Perhaps the biggest problem with popular history is its uncritical acceptance of any good story. Haslip’s first chapters rely heavily on Catherine’s famous memoirs, a source written with an obvious political purpose and reworked several times. Haslip simply accepts it as a true account, not merely repeating Catherine’s self-serving portrayal of her husband as a dangerous madman, but even elaborating on it with a little popular psychology of her own. Yet there is no evidence that Peter was deranged. He was a drunkard, and his boorish and occasionally even silly behavior is fully explained as the actions of a drunken man. Catherine’s effort to convince us otherwise by recounting each incident in lurid detail does not succeed, even if we can sympathize with her need to justify an act of usurpation and regicide.
At one point, however, Haslip declares her independence of Catherine’s interpretation. This is on the issue of the paternity of her son Grand Duke Paul. Despite Catherine’s hints that the real father was not Peter Ulrich but Sergei Saltykov (her first extramarital lover), Haslip grants the honor to Peter on grounds of supposedly similar physiological and personality traits.
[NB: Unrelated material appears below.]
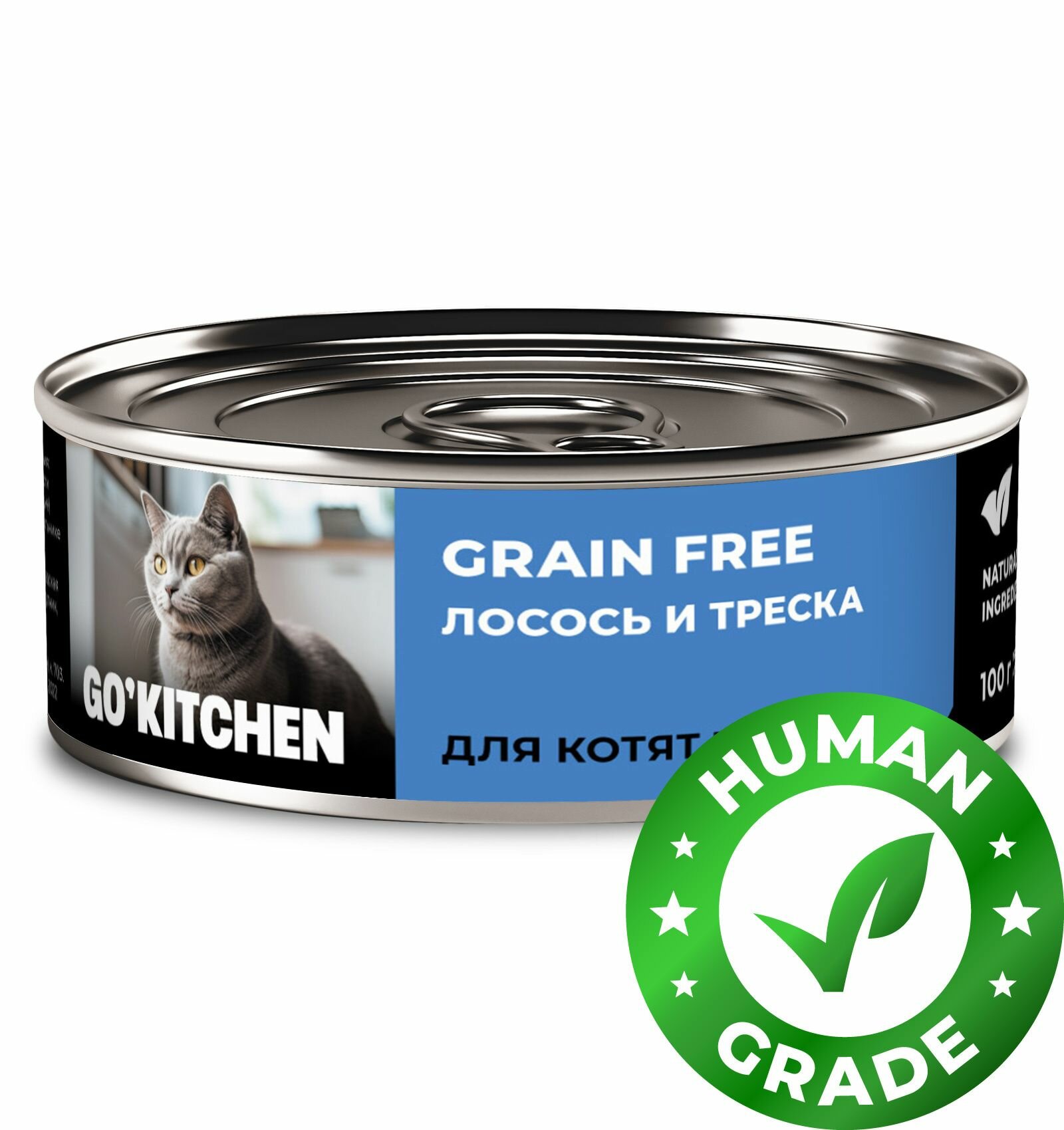 Полнорационный беззерновой влажный корм GO! KITCHEN для котят и кошек с лососем и треской.

She adds the interesting suggestion that Catherine denied Peter’s paternity in order to exonerate herself before her grandchildren for having condoned her husband’s murder. Haslip may be right about Catherine’s conscious bending of the truth here, but the empress’ motives were no doubt different. One of the chief elements in Catherine’s justification of her power seizure was the need to protect her son Paul, whom, she argued, Peter intended to get rid of. Raising doubts about Peter’s fatherhood made the threats to Paul more credible. As for the question of paternity, it is far from clear that Catherine herself knew who the real father was.
The superficial treatment of most events described in this work leads to some serious misrepresentations of the workings of Russian politics. An obvious example, and one that scarcely requires any special analytical ability, is the cliché about Alexis Orlov acting for Catherine in killing Peter III, the implication being that Catherine had all but ordered the killing. In fact, Catherine had no need to do or say anything about Peter’s fate. His continued existence posed a greater threat to the Orlovs and other conspirators than it did to Catherine, since his return would certainly have brought them to the scaffold and probably only landed Catherine in a convent. Peter’s end would therefore have come soon enough without any complicity on Catherine’s part.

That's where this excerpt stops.